A lightweight framework on top of Temporal for building reliable, stateful AI agents on top of temporal.

Think OpenClaw, but durable, with long-term state, and enterprise-ready. We've been using it internally to build agents for a while now and have decided to open-source it.

https://github.com/bead-ai/zeitlich

merelysoundstoday at 7:47 AM

Nonograms! I built Nonodle[1], a daily nonogram puzzle game and I’m adding an option to access these puzzles from Nonoverse[2], my iOS nonogram app.

There is an API, and it’s a straightforward task, but one thing led to another and I’m also improving the app UI. The update will take some time but I hope it will only be better.

[1]: https://lab174.com/nonodle/

[2]: https://apps.apple.com/app/nonoverse-nonogram-puzzles/id6748...

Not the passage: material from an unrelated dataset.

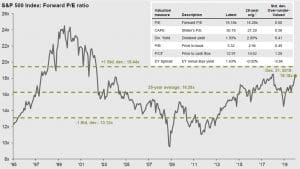 The strong US equity returns in 2019 coupled with relatively weak corporate profitability have resulted in equity valuations above their historical average.

chrillemntoday at 10:19 AM

https://github.com/Chrilleweb/dotenv-diff

Environment variable checker - pretty niche.

What would make you use this? does this miss anything useful?

chhstoday at 3:16 AM

I'm working on JRECC, a Java remotely executing caching compiler.

It's designed to integrate with Maven projects, to bring in the benefits of tools like Gradle and Bazel, where local and remote builds and tests share the same cache, and builds and tests are distributed over many machines. Cache hits greatly speed up large project builds, while also making it more reliable, since you're not potentially getting flaky test failures in your otherwise identical builds.

https://jrecc.net

cryptoztoday at 12:34 PM

AST-based code modifications from LLMs: https://codeplusequalsai.com/

I'm interested in the idea that LLMs writing raw code and doing line-or-diff replacements will not be the future, but that having the LLMs modify the structure of the code may end up being the best.

Also, I think that building LLM-powered webapps should earn the dev per token call; so I've built a margin into token costs where the end user is charged 2x the provider's token costs, and then I get 20% of the remaining and the dev gets 80%.